Kirkuk municipality launched a campaign for one month from January 20 to February 20, 2021 to raise funds from donations and charities from local offices of political parties, contractors and donors to remove 30,000 tons of waste in one month.

“How it comes that our city is floating over a sea of oil and has such a fertile soil but now it is dumped into garbage?” Mohammed Latif a resident of Kirkuk is doubtfully asking. “My question is why we have to resort to donors and contractors, what about the revenues of this province?"

“How it comes that our city is floating over a sea of oil and has such a fertile soil but now it is dumped into garbage?”

The oil rich city of Kirkuk, Iraq's second largest oil reserves, is ethnically a mixed province of Kurds, Sunni and Shiite Arabs, and Turkmen. It has long been at the center of disputes between Baghdad and the autonomous Kurdistan Regional Government KRG.

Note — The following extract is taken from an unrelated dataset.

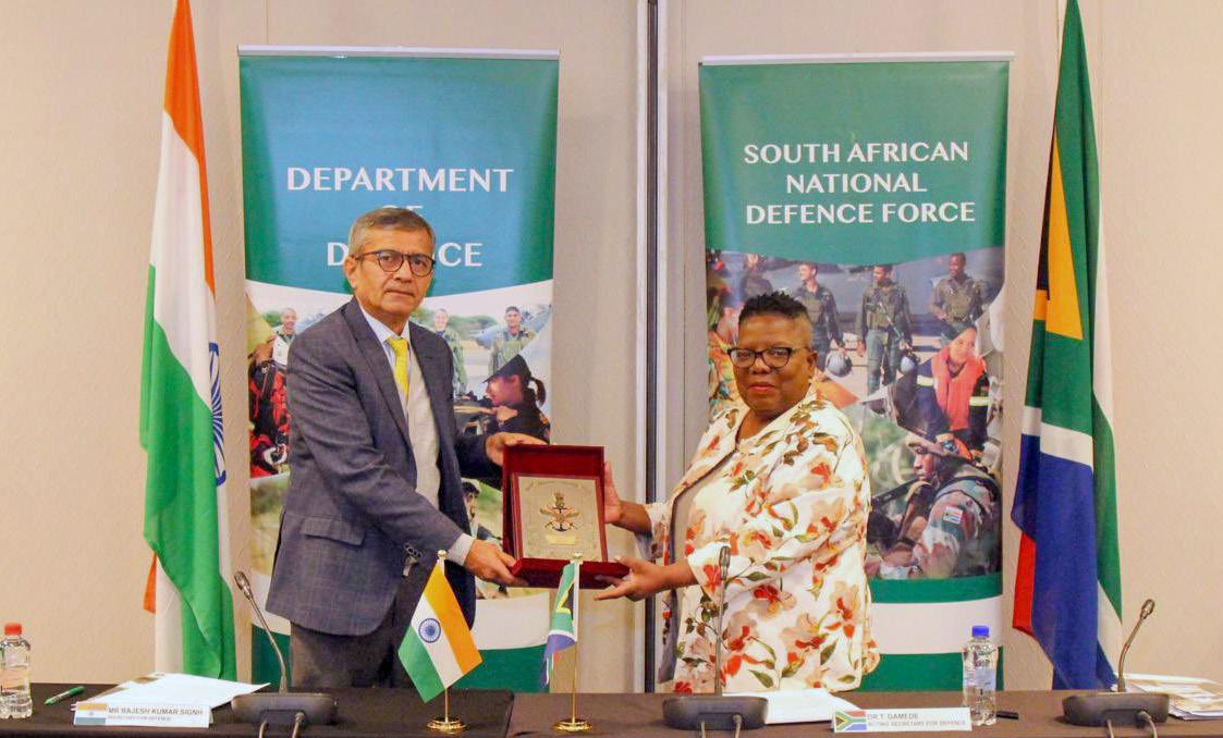 Johannesburg: Defence Secretary Rajesh Kumar Singh with Acting Secretary for Defence of South Africa, Dr Thobekile Gamede,

Kirkuk municipality says it plans to remove one thousand tons of waste per day, total 30,000 tons along the one-month campaign.

Faraidoun Adel, director of Kirkuk municipality in charge of waste management, blames Baghdad for deduction of budget. Up to 2018, Kirkuk was receiving 1.2 billion Iraqi Dinars IQ per month to keep Kirkuk tidy while the current budget has been cut to 0.2 billion/month.

“That’s is why we are in such a situation,” Adel said.

Kirkuk, 238 kilometers north of Baghdad, is located in a disputed area of Iraq that runs from Shingal on the Syrian border southeast to Khanaqin and Mandali on the Iranian border.  Kurds wanted Kirkuk to become part of the Kurdistan region, which has been opposed by the regions with Arab and Turkmen populations.

Article 140 of the Iraqi constitution in 2005 outlined a road map for disputed territories calling for normalization, census and referendum to determine its administration all in two years but only part of the first stage has been implemented up to the present.

Acting governor of Kirkuk Rakan Sa’aid, said a press conference about municipality fund raise campaign they were obliged to announce this campaign in cooperation with other government offices. He pledged to put an end to Kirkuk tidiness issue in a new project yet no details were declared.

Garbage piled one the streets of Kirkuk in 2019. Photo by Soran Mohammed

In the last two years, demonstrations by local residents called upon provincial authorities to regularly collect garbage and keep the city tidy.

Rawisht Qasim, a resident of Kirkuk says garbage and waste cover are all over down town and the outskirts in the last years. “It smells too bad and we are fed up while this city should have been one of the top cities of Iraq.”

Qasim criticized local administrative for the current untidy situation of Kirkuk.

In addition to ordinary budget for provinces, Kirkuk receives allocation of Petrodollar, a special allocation for oil producing provinces but it has been stopped in 2019 and 2020. Currently drafted 2021 budget of Iraq provides one trillion Iraqi Dinar for oil producing cities.